Bengaluru: The share of young voters in the Karnataka state elections has doubled since 2013 and over 15.4 lakh voters in the age group 18-19 will be eligible to cast their franchise on May 12. Deccan Chronicle spoke to a few first-timers from the city.
Vivek Babu (18), a B.Com student, claims that he has done enough research to exercise his franchise for the first time. "I have been gathering information on the candidates and their works over the years in my constituency (K.R. Puram) from different kinds of media and elders around me," he says.
An aspiring politician, he believes that pursuing formal education before entering mainstream politics will add to a leader's capabilities.
"Having knowledge in diverse fields and being updated across domains will be an added advantage. Knowing the people at the grassroots level is also essential," he says.

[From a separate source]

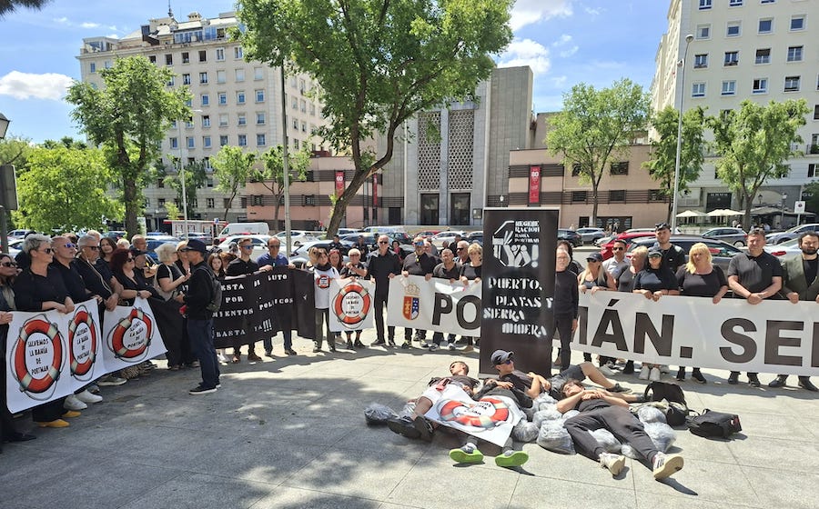 Más de doscientos vecinos de Portmán y La Unión se concentran ante el Ministerio para la Transición Ecológica para denunciar el abandono institucional y reclamar justicia ambiental.

A teenager concerned about the environment, he says that the immediate attention of the next MLA should be the cleaning up of Agara and Rampura Lakes in his locality.

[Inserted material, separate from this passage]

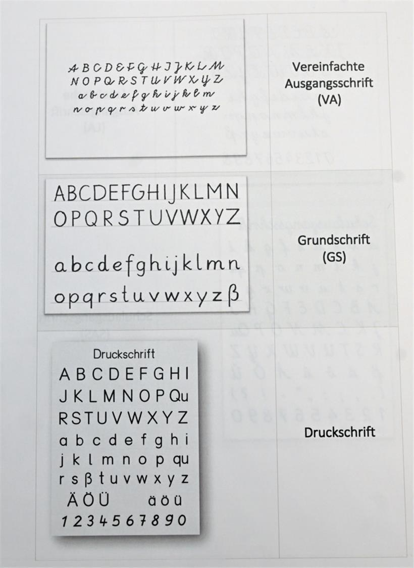 In 15 bis 20 Pilotschulen in drei Regionen des Landes wird die sogenannte Grundschrift gelehrt, die auf Druckbuchstaben basiert. „Das ist eine Mischform, die sich durchgesetzt hat“, sagt Diane Marx, „eine Druckschrift mit Häkchen.“ Sie weist darauf hin, dass in Frankreich mit Schreibschrift beginnend unterrichtet wird, während in Deutschland eine Mischform vorherrscht, bis auf ein paar Bundesländer, wo frei gewählt werden darf.

Also, a good quality, state-of-the-art government school should be set up in the constituency to ensure better education for the poor, he says.
Renita Saikia, a B.Sc student, has decided to press the last button on the Electronic Voting Machine on Saturday.
Asked why she is opting for none of the above (NOTA), she puts the blame equally on all parties contesting the elections.
"It is high time parties and representatives understood that basic development is necessary, and going behind ambitious targets is impractical. Fake promises are being made and people are being bribed for votes. All the parties are to blame for this," she says.
The decisions taken at the top adversely affect the common people and, ironically, help the rich. "Demonetisation and GST are two big examples of this. Instead of travelling abroad multiple times a year, the PM should ideally care for his people back home," she says.
An aspiring civil servant, Renita from Shantinagar says that at present, there are no issues with her constituency, but the broader picture needs to be set right.
"Social media can be used not just for election campaigns, but also to reach out to more people, especially youngsters. A healthy dialogue between the government and citizens will set the right tone," she said.
Tanushree D., another first-timer who will vote from the Chickpet constituency, is undecided as to whom to vote for, though she has discussed it with her friends.
"At the national level, I support Modi as they are trying to bring India on a par with developed nations. Digital India and Make in India are prime examples of this initiative. As a society we take time to accept change, but we should realise that all this will turn out good in future," she says.
An aspiring finance manager, she says that the competition is tough at her constituency as all candidates are good. Social media campaigns have played a better role than others in her decision-making process, she reveals.